**INPUT RECORDS**:
★ ★ ★

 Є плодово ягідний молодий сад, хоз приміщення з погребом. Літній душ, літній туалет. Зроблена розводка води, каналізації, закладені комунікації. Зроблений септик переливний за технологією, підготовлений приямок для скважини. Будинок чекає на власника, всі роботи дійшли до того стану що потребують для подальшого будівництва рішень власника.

★ ★ ★

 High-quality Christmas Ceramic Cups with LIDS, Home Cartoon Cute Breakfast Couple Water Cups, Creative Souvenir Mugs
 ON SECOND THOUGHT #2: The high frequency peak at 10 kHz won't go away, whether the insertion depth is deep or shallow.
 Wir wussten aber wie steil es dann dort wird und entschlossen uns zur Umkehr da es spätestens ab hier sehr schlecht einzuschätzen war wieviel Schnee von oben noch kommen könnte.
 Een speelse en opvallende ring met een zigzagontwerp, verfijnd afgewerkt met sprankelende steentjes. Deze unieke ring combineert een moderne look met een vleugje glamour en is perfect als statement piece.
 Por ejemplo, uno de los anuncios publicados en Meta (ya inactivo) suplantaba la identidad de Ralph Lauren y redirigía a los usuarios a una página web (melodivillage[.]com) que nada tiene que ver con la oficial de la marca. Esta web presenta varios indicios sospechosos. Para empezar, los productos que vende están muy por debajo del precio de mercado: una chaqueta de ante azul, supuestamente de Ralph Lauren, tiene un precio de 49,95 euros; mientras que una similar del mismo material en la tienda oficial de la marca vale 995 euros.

★ ★ ★

There is a line with "High-quality Christmas Ceramic" and a line with "Por ejemplo, uno" above. Copy exactly those two lines and all lines between them, with nothing else.

 High-quality Christmas Ceramic Cups with LIDS, Home Cartoon Cute Breakfast Couple Water Cups, Creative Souvenir Mugs
 ON SECOND THOUGHT #2: The high frequency peak at 10 kHz won't go away, whether the insertion depth is deep or shallow.
 Wir wussten aber wie steil es dann dort wird und entschlossen uns zur Umkehr da es spätestens ab hier sehr schlecht einzuschätzen war wieviel Schnee von oben noch kommen könnte.
 Een speelse en opvallende ring met een zigzagontwerp, verfijnd afgewerkt met sprankelende steentjes. Deze unieke ring combineert een moderne look met een vleugje glamour en is perfect als statement piece.
 Por ejemplo, uno de los anuncios publicados en Meta (ya inactivo) suplantaba la identidad de Ralph Lauren y redirigía a los usuarios a una página web (melodivillage[.]com) que nada tiene que ver con la oficial de la marca. Esta web presenta varios indicios sospechosos. Para empezar, los productos que vende están muy por debajo del precio de mercado: una chaqueta de ante azul, supuestamente de Ralph Lauren, tiene un precio de 49,95 euros; mientras que una similar del mismo material en la tienda oficial de la marca vale 995 euros.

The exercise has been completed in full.